- Task instructions: Needed from the data below: all lines that contain the word "saying".
Data to use below:
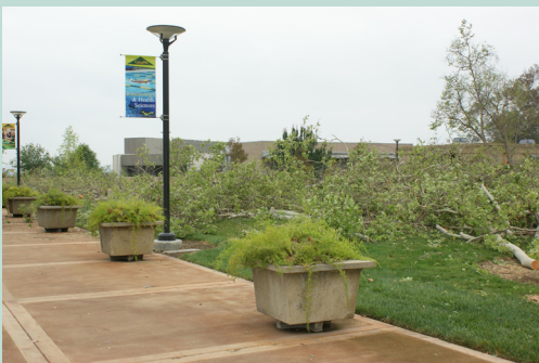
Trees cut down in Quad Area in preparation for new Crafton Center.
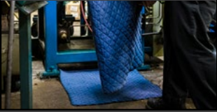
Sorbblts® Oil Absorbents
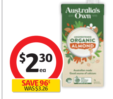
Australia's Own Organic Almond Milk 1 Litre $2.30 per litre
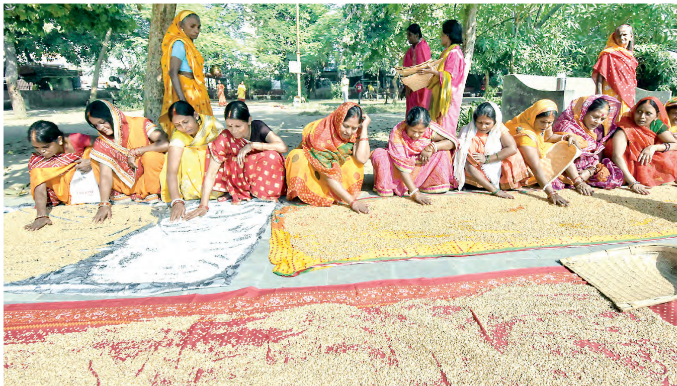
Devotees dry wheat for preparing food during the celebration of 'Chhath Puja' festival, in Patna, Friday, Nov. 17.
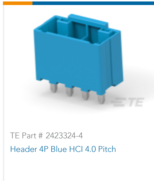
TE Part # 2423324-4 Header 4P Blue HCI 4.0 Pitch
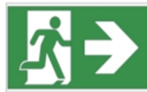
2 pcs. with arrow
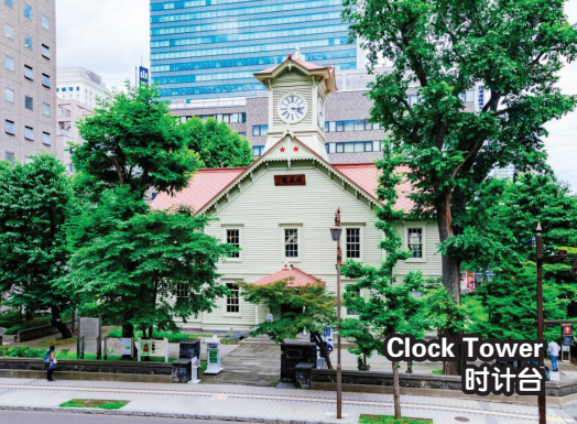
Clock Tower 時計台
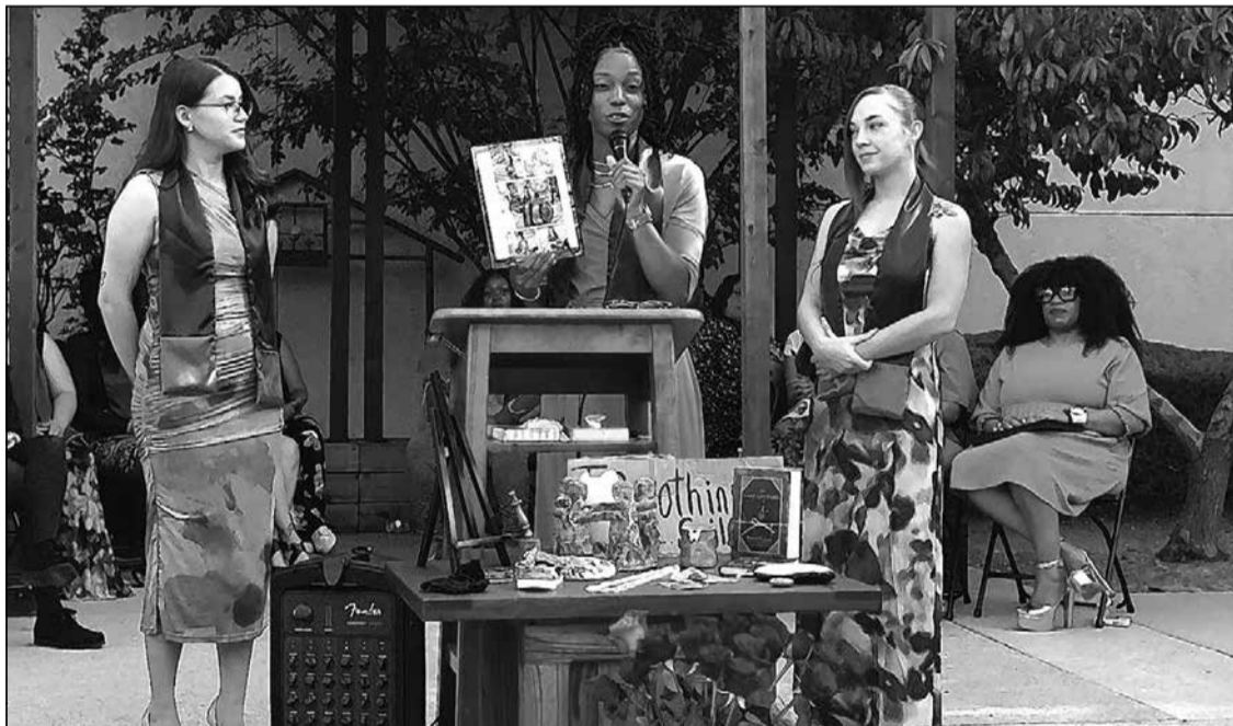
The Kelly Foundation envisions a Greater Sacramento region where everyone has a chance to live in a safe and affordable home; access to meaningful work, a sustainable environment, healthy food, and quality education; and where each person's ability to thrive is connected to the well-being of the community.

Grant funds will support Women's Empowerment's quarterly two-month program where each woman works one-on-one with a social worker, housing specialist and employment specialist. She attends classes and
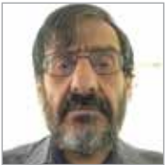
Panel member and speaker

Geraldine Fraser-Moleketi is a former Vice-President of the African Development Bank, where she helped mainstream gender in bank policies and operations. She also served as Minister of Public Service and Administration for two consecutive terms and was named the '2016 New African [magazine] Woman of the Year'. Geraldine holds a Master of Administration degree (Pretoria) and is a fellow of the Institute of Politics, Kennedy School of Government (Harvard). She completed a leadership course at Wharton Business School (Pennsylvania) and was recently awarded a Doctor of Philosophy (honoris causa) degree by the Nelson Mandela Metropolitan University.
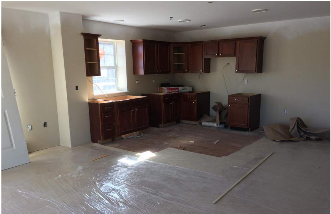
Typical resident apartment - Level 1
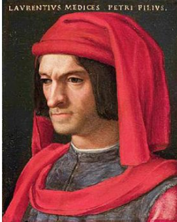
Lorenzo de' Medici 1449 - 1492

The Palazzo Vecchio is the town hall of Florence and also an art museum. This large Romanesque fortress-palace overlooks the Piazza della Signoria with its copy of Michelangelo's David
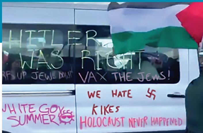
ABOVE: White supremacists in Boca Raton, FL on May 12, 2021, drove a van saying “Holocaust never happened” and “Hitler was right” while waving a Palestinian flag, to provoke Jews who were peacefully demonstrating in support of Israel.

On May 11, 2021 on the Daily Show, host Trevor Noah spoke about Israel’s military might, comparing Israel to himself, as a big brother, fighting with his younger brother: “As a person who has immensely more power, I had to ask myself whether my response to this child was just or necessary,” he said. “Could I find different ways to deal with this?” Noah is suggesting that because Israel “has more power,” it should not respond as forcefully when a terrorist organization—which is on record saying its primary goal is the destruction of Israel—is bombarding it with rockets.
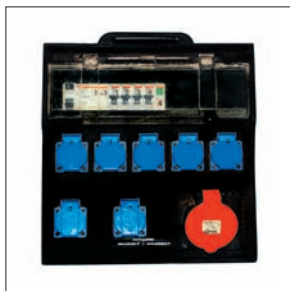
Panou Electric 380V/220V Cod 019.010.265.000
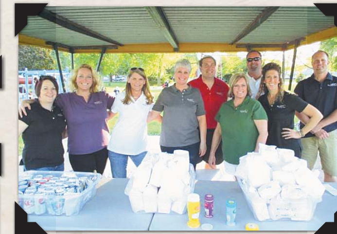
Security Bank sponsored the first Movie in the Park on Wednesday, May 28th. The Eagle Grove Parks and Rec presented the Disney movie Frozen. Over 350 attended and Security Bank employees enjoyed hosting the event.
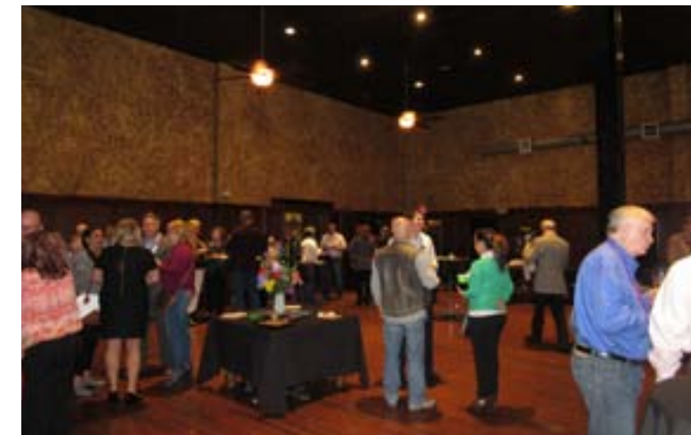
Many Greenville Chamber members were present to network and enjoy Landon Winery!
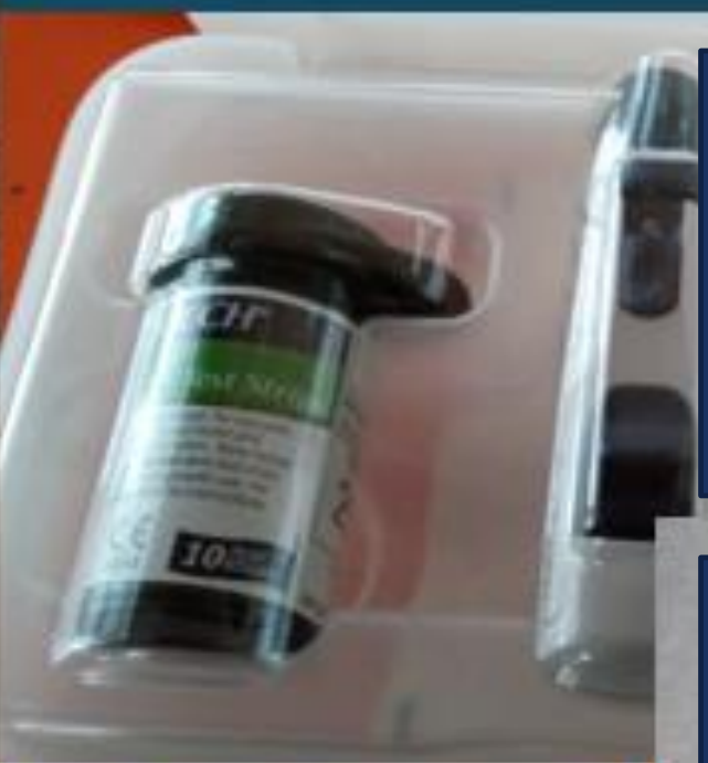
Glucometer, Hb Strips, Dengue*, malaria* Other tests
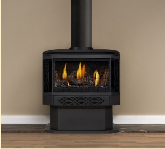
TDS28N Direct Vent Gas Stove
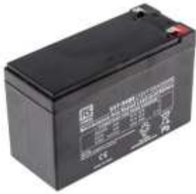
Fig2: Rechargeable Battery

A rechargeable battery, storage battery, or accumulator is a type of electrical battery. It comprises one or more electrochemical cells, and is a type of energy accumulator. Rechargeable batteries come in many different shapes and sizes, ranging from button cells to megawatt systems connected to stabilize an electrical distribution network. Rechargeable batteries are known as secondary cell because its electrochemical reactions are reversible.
End of Data to use.
- Solution to this problem:
ABOVE: White supremacists in Boca Raton, FL on May 12, 2021, drove a van saying “Holocaust never happened” and “Hitler was right” while waving a Palestinian flag, to provoke Jews who were peacefully demonstrating in support of Israel.
On May 11, 2021 on the Daily Show, host Trevor Noah spoke about Israel’s military might, comparing Israel to himself, as a big brother, fighting with his younger brother: “As a person who has immensely more power, I had to ask myself whether my response to this child was just or necessary,” he said. “Could I find different ways to deal with this?” Noah is suggesting that because Israel “has more power,” it should not respond as forcefully when a terrorist organization—which is on record saying its primary goal is the destruction of Israel—is bombarding it with rockets.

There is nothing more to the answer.